En regardant par les fissures ruisselantes du pont, Bold voyait une image composite de matelots qui assistaient à la cérémonie, bouche bée, poussant des cris pour se faire entendre malgré les rugissements du vent. Leur garde hurlait : « Priez Tianfei ! Priez l’Épouse Céleste, la seule amie du marin ! Priez pour son intercession ! Vous tous ! Encore un peu de ce vent, et le vaisseau sera déchiqueté ! »
— Que Tianfei nous protège ! entonna Bold en pressant le bras de Kyu, l’incitant à faire de même.

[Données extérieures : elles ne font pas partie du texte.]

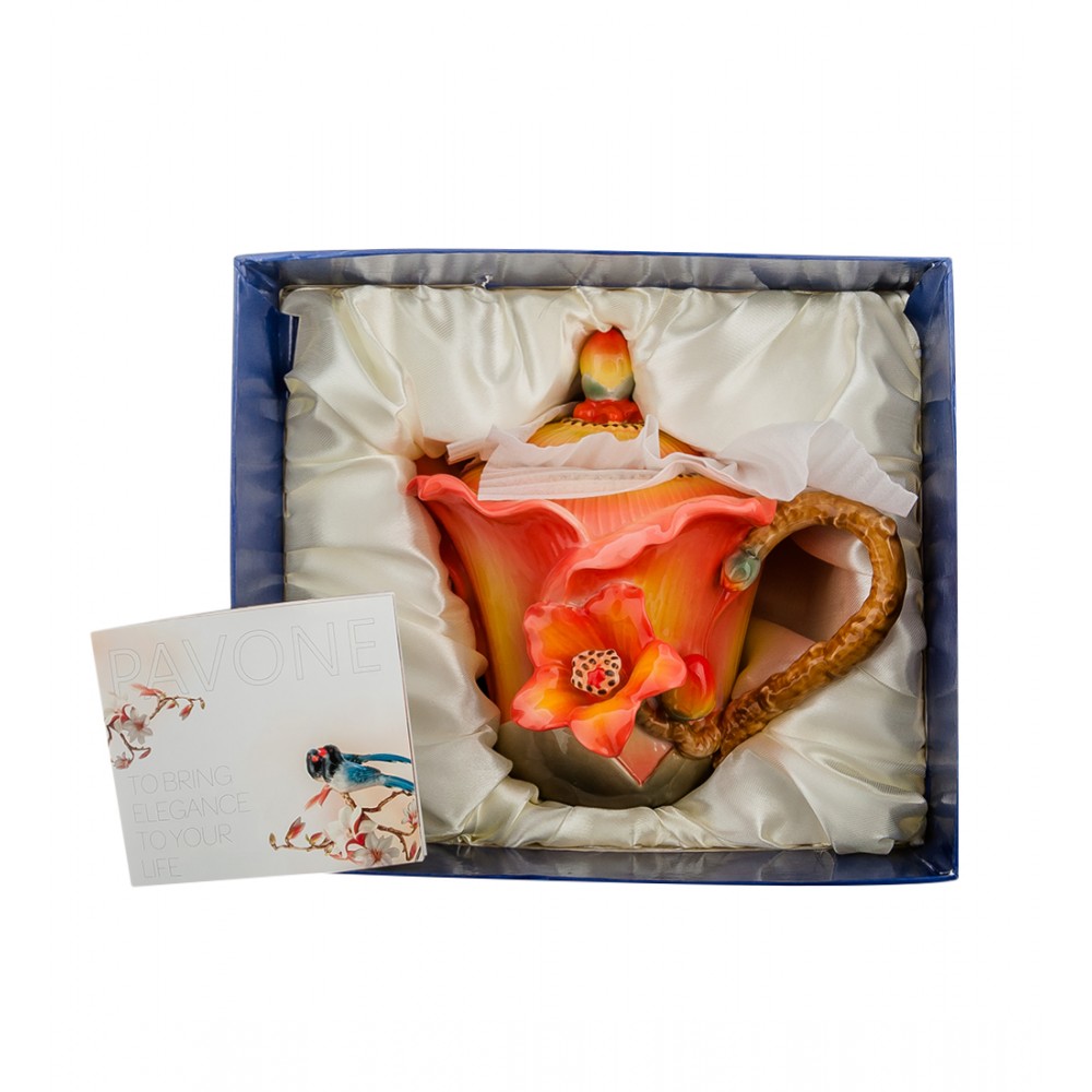 Изделие выполнено в форме нежнейшего бутона, солнечных оттенков, а детализация его элементов поражает. Чего только стоит крышечка, которая в малейших чертах повторяет сердцевинку цветка хлопка, а насколько изящен вид ручки чайника « Капок » , повторяющий изгиб тонкой ветки.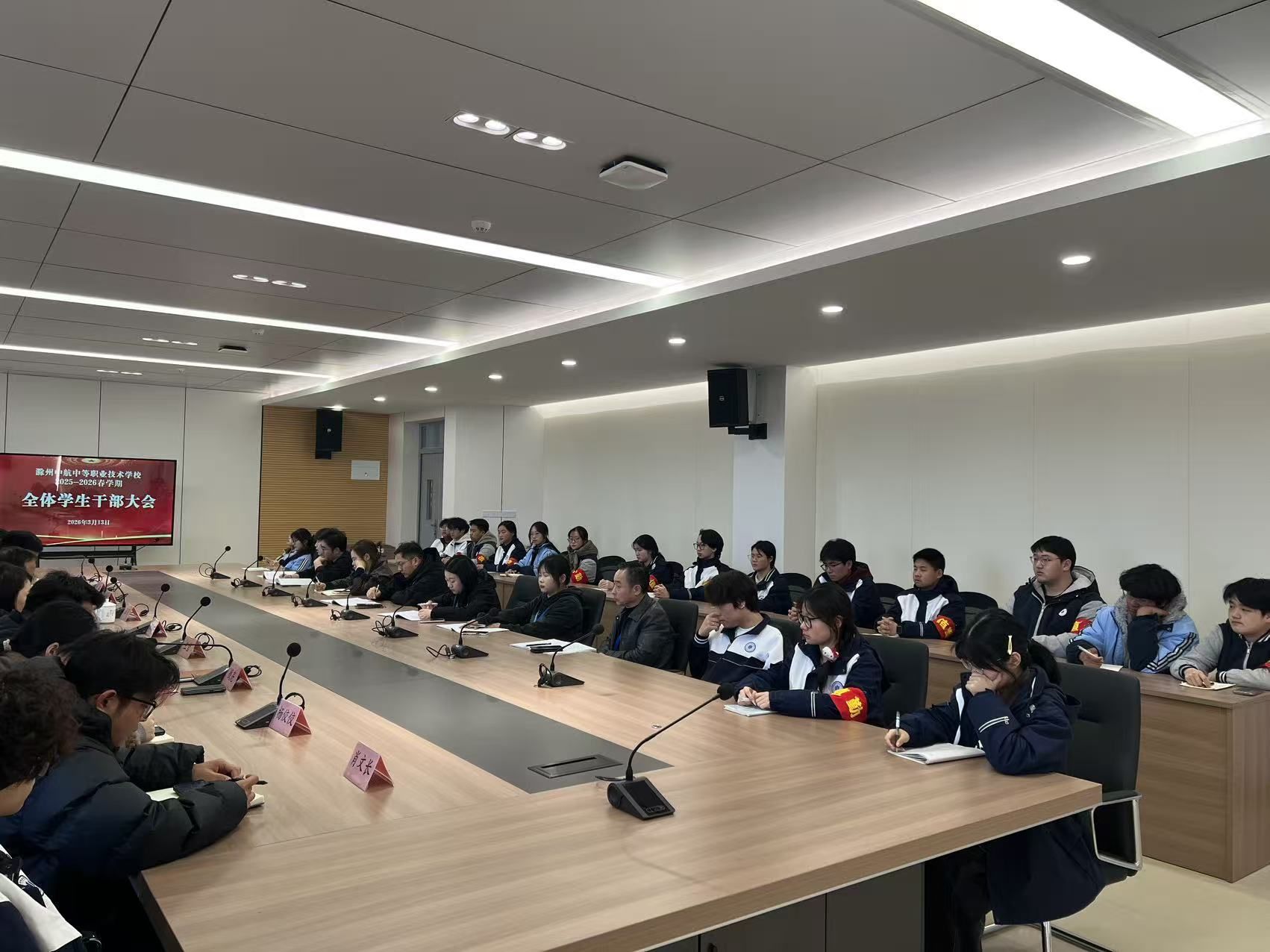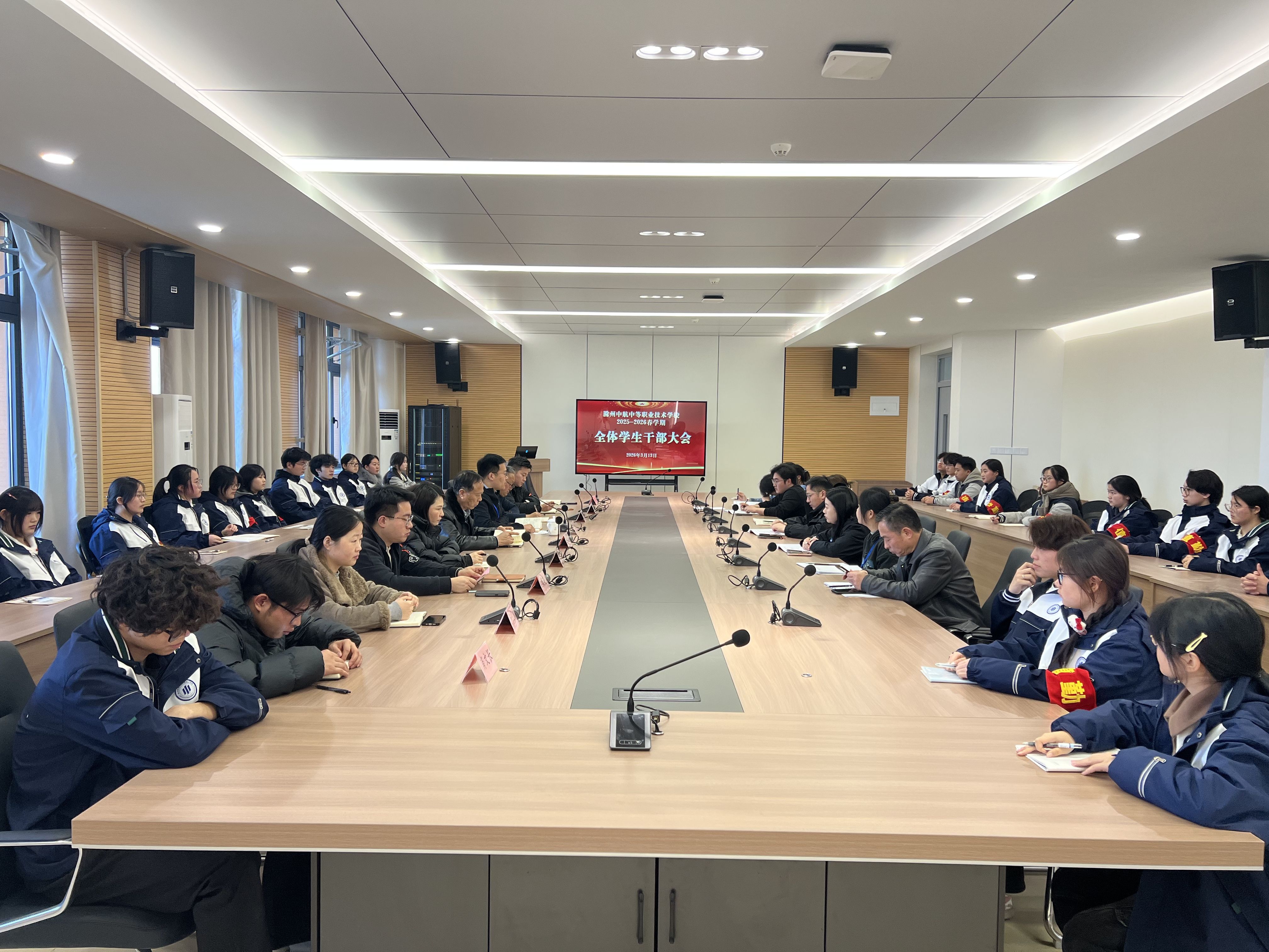 为总结上学期学生工作成效,部署新学期重点工作任务,促进学生干部砥砺奋进,推动校园学生工作高质量开展,近日,学生处在教学楼二楼会议室召开2025—2026学年第二学期初全体学生干部会议。学校党支部书记、常务副校长开俊林,校办公室主任兼工会副主席王莹,纪检组长、团委书记、学生处处长张硕,各科室负责人,全体班主任出席会议,各班级班团干部、校学生会全体学生干部参加会议。会议由学生处钱亮科长主持。

Le jeune Noir l’ignora. Mais il indiqua les mâts visibles à travers la grille de l’écoutille. Bold leva les yeux et vit des filaments de lumière rouge danser entre les mâts : des boules de feu, comme les lanternes chinoises, mais sans le papier, ni le feu, qui brillaient à la pointe du mât et au-dessus, illuminant la pluie battante fouettée par le vent, et jusqu’au ventre noir des nuages qui filaient dans le ciel. Sa beauté surnaturelle tempérait l’épouvante qu’aurait dû lui inspirer cette vision ; Bold et tous les autres sortirent du royaume de la terreur. C’était un spectacle trop étrange et terrifiant pour qu’ils s’inquiètent plus longtemps de la vie ou de la mort. Les hommes hurlaient, priaient de toute la force de leurs poumons. Tianfei sortit de la lumière rouge, vacillante, sa silhouette illumina brièvement tout ce qui était au-dessus d’eux, et le vent tomba d’un seul coup. Les flots se calmèrent. Tianfei se perdit dans le berceau de sa lumière rouge, par-dessus le bastingage, et s’éleva dans les airs. À présent, leurs cris de gratitude couvraient le tumulte du vent. Les vagues coiffées d’écume poursuivaient leur danse frénétique, mais elles s’éloignaient d’eux, rejoignant l’horizon.
— Tianfei ! hurla Bold, avec les autres. Tianfei !
Zheng He, planté à la poupe, leva les deux mains dans la pluie devenue bruine. Il hurlait : « Tianfei ! Tianfei nous a sauvés ! » Et tous beuglaient avec lui, pleins de joie, de la même façon que l’air était plein de la lumière rouge de la déesse. Par la suite le vent se remit à souffler avec force, mais ils n’avaient plus peur.
Ce qu’il advint après n’est pas très important. Le reste de la traversée se fit sans encombre, et ils rentrèrent tranquillement au bercail. Quant à ce qui arriva ensuite, vous l’apprendrez en lisant le chapitre suivant.
5
Ballottée par l’orage, protégée par Tianfei, la Flotte des trésors mit le cap vers un estuaire immense. À terre, de l’autre côté du front de mer, se devinaient les toits d’une gigantesque cité. Le peu que Bold en voyait depuis le navire était plus grand que toutes les villes qu’il avait vues auparavant – tous les bazars d’Asie centrale, les villes indiennes rasées par Tamerlan, les villes fantômes du Franjistan, les blanches villes côtières de Zanj, de Calicut – toutes ensemble n’auraient occupé que le quart ou le tiers du territoire couvert par cette forêt, cette steppe de toits, qui s’étendait à perte de vue, jusqu’aux crêtes des collines visibles à l’ouest.